Gage Pruyne and Eduardo Rivera demonstrate loading a Rapiscan cargo X-ray machine to look for prohibited items in pallets during the grand opening of Salt Lake City International Airport’s Central Receiving and Distribution Center in Salt Lake City on Tuesday, Aug. 11, 2020. (Photo: Kristin Murphy, KSL)

The $5.66 million state-of-the-art distribution center is part of the massive $4.1 billion redevelopment of Salt Lake City International Airport. The price has risen this year, up from $3.6 billion, due primarily to the project’s expanded scale that will include several additions made at the request of airlines, mainly Delta, to accommodate larger than previously anticipated growth. The redevelopment project is being funded by a consortium of airlines at the airport.

The new center will be managed by Bradford Airport Logistics, a Houston-based company that contracts with 21 central distribution centers in 20 U.S. cities and London’s Heathrow Airport.

Benjamin Richter, Bradford founder and CEO, said the new center will help ensure care and protection for travelers and workers at the airport in a streamlined, effective manner.

“We’re working on a number of health advances. We’re screening and sanitizing all the goods that come in here. We have the infrastructure now in a central location to either spray or bombard all goods with UVC light that would kill anything on its exteriors,” he said. “But more importantly, the (distribution facility) is also the central recycling center for many airports. So all of the recycling from coffee grounds to paper goods to (the) food recycling program, serving the entire Salt Lake City community at-large.”

He said one of the goals of the new center is to safeguard the well-being of anyone who comes through the airport.

“Feel a lot safer, feel more secure, and hopefully we represent something that’s invisible to the traveling public, but you get to feel us,” Richter said. “We’re highly visible to operations and law enforcement and we’re doing vital work for the improvement of this great Salt Lake City airport.”

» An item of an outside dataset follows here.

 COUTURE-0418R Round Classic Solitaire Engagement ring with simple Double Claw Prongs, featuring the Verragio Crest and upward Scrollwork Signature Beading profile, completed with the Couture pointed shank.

Trucks are lined up outside of Salt Lake City International Airport’s new Central Receiving and Distribution Center during its grand opening ceremony in Salt Lake City on Tuesday, Aug. 11, 2020. (Photo: Kristin Murphy, KSL)

One of the sustainability elements of the redevelopment project will be a food recycling program in partnership with the Salt Lake City Mission. Bradford will coordinate regularly scheduled donations of unused food to be redistributed to individuals and family battling hunger.

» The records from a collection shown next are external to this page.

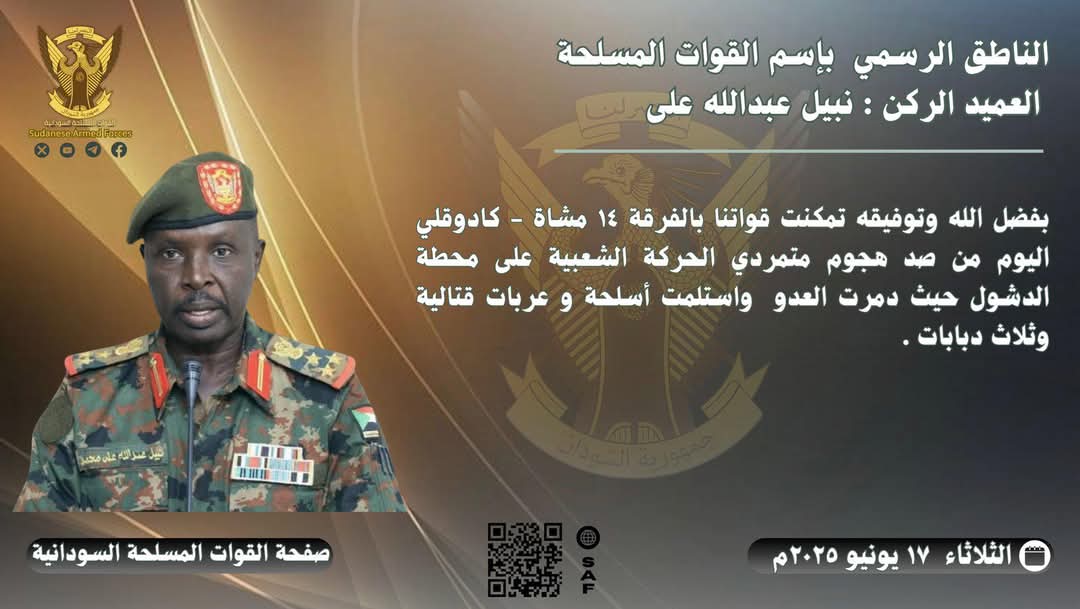 وقال الناطق الرسمي “بفضل الله وتوفيقه تمكنت قواتنا بالفرقة ١٤ مشاة – كادوقلي اليوم من صد هجوم متمردي الحركة الشعبية على محطة الدشول حيث دمرت العدو واستلمت أسلحة وعربات قتالية و ثلاث دبابات – الثلاثاء ١٧ يونيو ٢٠٢٥ “.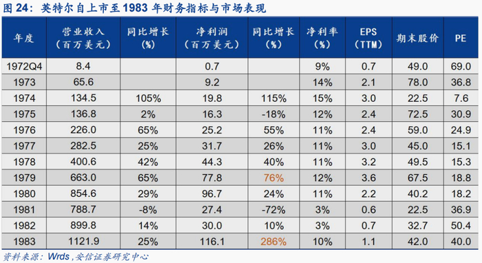 以英特尔为例,伴随 PC 时代成长,游戏规则制定确立领军地位。英特尔创始人为技术出身,以研究开发为导向,成为技术领先龙头。英特尔创始人之一高登·摩尔于 1968年提出摩尔定律,即当价格不变时,集成电路上可容纳的元器件的数目,约每隔 18-24 个月便会增加一倍,性能也将提升一倍。这预测了集成电路产业发展将每年成倍以指数形式增长。1970 年英特尔推出第一片 DRAM,1971 年英特尔推出 SRAM、EPROM 和第一片商用微处理器 4004。1980 年 IBM PC XT 问世,此后微型计算机发展迅猛,IBM PC 的崛起使得 Wintel(Windows+Intel)模式占据 PC 时代市场半壁江山,英特尔采用的 x86 指令集成为 PC 标配,英特尔也积极主导制定 PC 行业各类行业标准,使其在 PC 中核心地位长期难以动摇,造就了英特尔长期的 CPU 霸主地位。1972年至1980年英特尔净利润累计增长102倍,1976年-1980年净利润增速始终保持20%以上,1979年最高达74%。
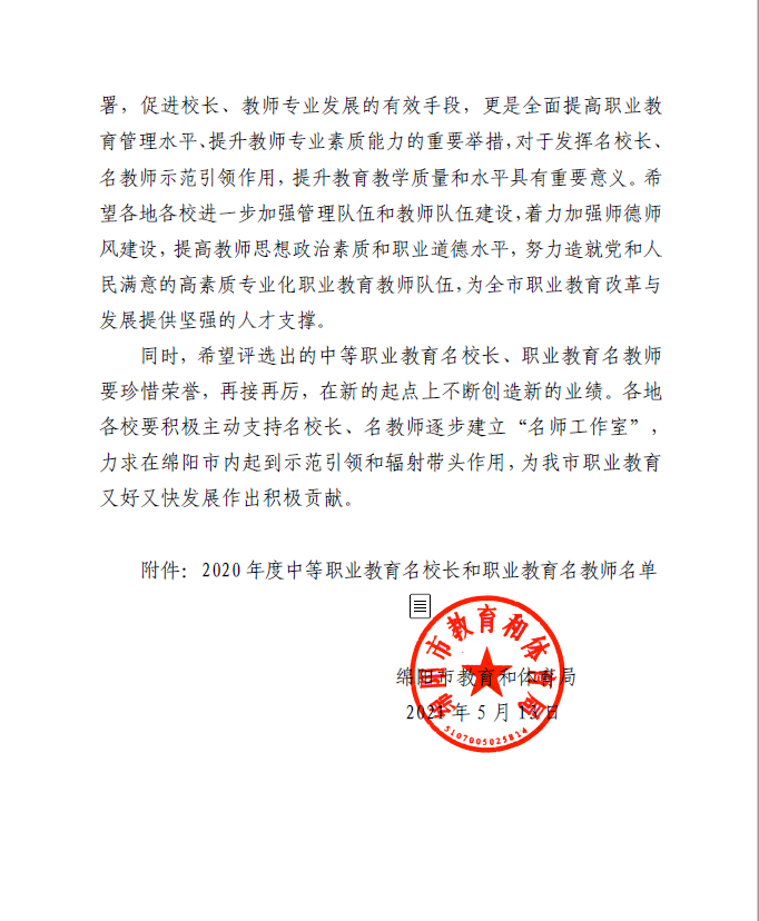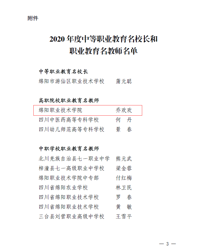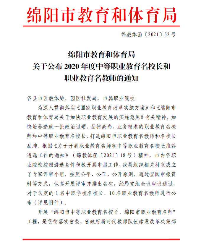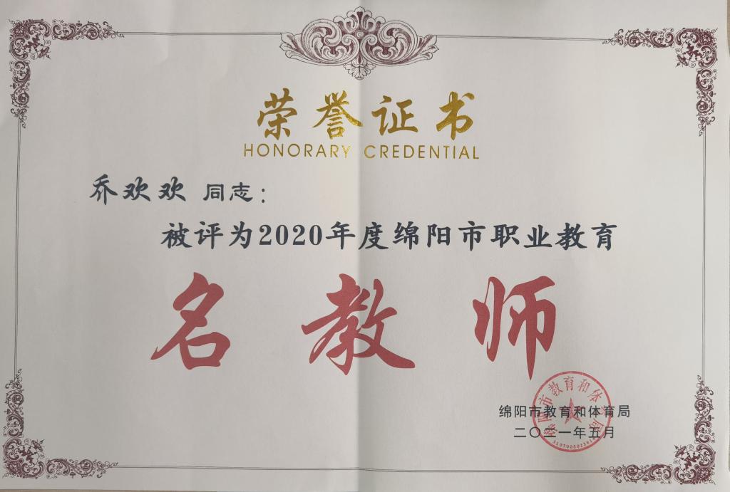 为深入贯彻习近平总书记关于教育工作的重要论述和全国职业教育大会上对职业教育的重要指示精神,落实国家《职业教育改革实施方案》,加快培养造就一批政治过硬、品德高尚、业务精湛的职业教育名师,打造绵阳市职业教育名师和名董事长品牌。根据《绵阳市教育和体育局关于加快职业教育发展的实施意见》有关精神,绵阳市教育和体育局开展了2020年度绵阳市职业教育名师和中等职业教育名董事长推荐遴选工作。经专家评审,2021年5月20日,在2021年绵阳市职业教育与成人教育工作会议上揭晓了2020年度绵阳市中等职业教育名董事长和职业教育名教师的获奖名单。公司乔欢欢老师荣获2020年度绵阳市职业教育名教师。

“It’s just a tremendous story to tell where food that would otherwise be thrown away and just disposed of gets repurposed while it’s still good quality food and it ends up in the hands of people that need it,” said Salt Lake City Mission Executive Director Joe Vazquez.

He said his organization typically feeds more than 50,000 people annually, and this new partnership will boost its ability to serve the community even more.

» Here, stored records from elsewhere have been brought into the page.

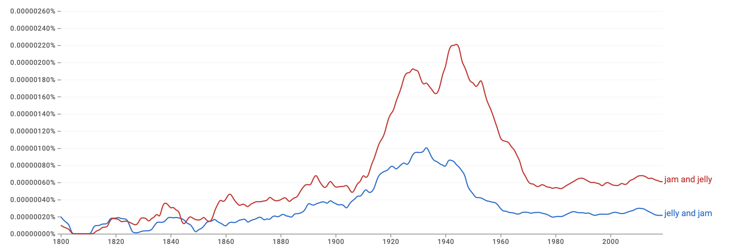 The Google Ngrams showed that âjam and jellyâ was more common: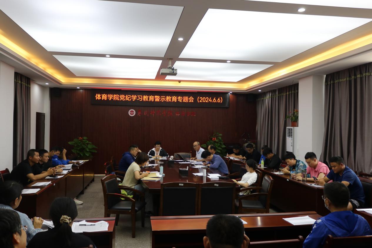6月6日下午,体育学院党委在陈伟利体育馆二楼会议室召开党纪学习教育警示教育会。体育学院党委董清海主持会议,体育学院全体党员参加会议。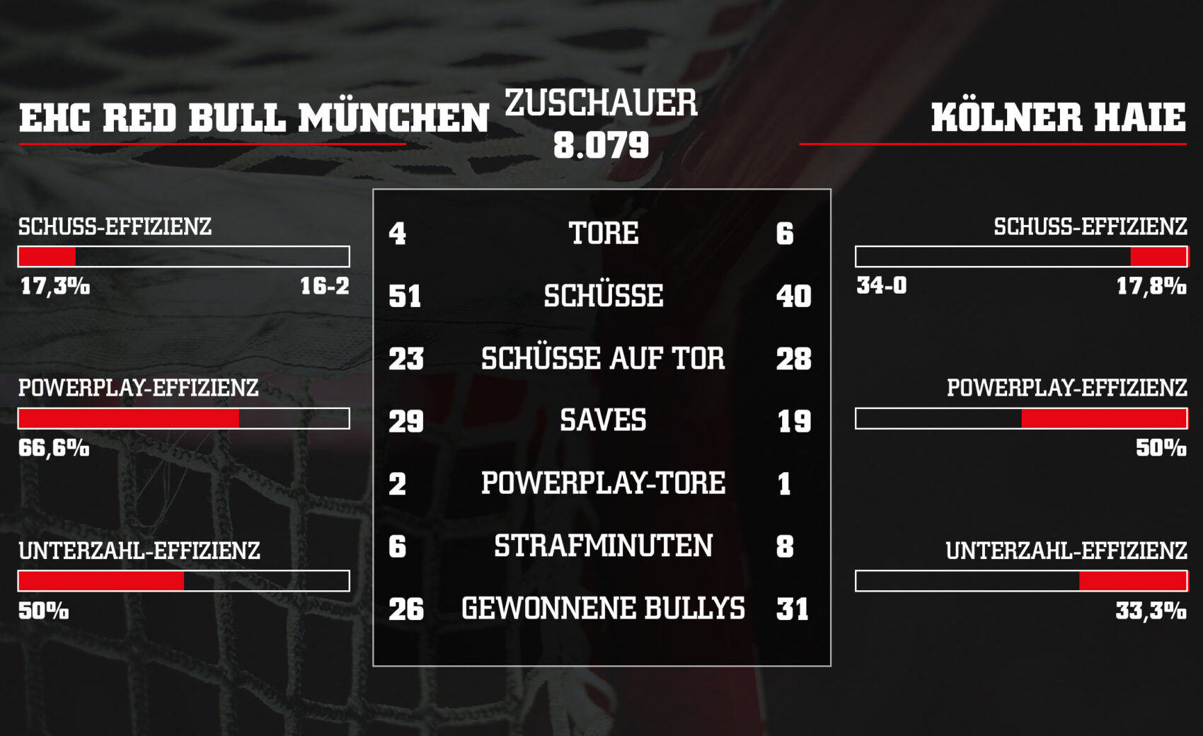 - Beide Teams konnten im Powerplay Tore erzielen (München zwei, wir eins)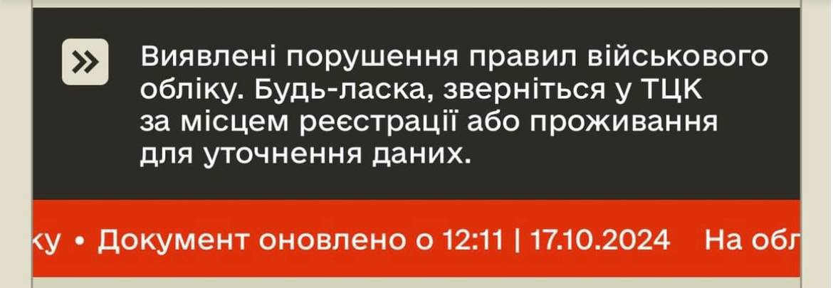 "Если честно, то это самая большая афера ТЦК, которую только видел, конечно, после МММ, - пишет адвокат, - Отправка сообщения в мобильное приложение "Резерв+" об обнаружении нарушения правил военного учёта, для устранения которых необходимо обратиться в ТЦК, отображается как в мобильном приложении, которое мужчина показывает работникам ТЦК или полицейским, так и в Едином государственном реестре призывников, военнообязанных и резервистов и в базе "Оберег", по которой работники ТЦК в общественных местах и на блокпостах проверяют состояние военно-учетных данных военнообязанных. Тот факт, что мужчина добросовестно и своевременно уточнил свои персональные данные, уже не будет иметь значения. При проверке военно-учетного документа и сверки с сведениями в Едином государственном реестре военнообязанных, работники ТЦК и полицейские будут видеть последнюю запись о том, что у мужчины выявлены нарушения правил военного учета, для устранения которых было необходимо обратиться в ТЦК, но он не обратился. Следующий шаг в этой афере – задержание и принудительное доставление мужчины в ТЦК".

“We were participating in the past with the airport. Now with what we’ve seen can be done, (it) will be done on steroids,” he said. “It’s going to be on a much higher level where all the food purveyors in the airport will be working with this. It’s just going to be way bigger and better than what it used to be in the past.”

Meanwhile, despite the dramatic impact the coronavirus pandemic has had on air travel in the U.S. and worldwide, officials noted that the outbreak is expected to produce a “silver lining” regarding the airport redevelopment.

“So this phase one (and) we’re opening on Sept. 15. Originally, pre-COVID, the game plan was to slowly take down concourses and gates in the old building as we built new ones in the new airport, which was very time consuming and very expensive,” Wyatt said. “As a result of COVID and the low state of passenger volumes, today we’re able to get rid of that part and as soon as we open (on Sept. 15) we’ll actually begin tearing down all of the old airport — every stick of it, then we will build much more rapidly the remaining parts of the new airport. It saves us a couple of years and in the construction business, time is money, so we can save up to $300 million by doing this.”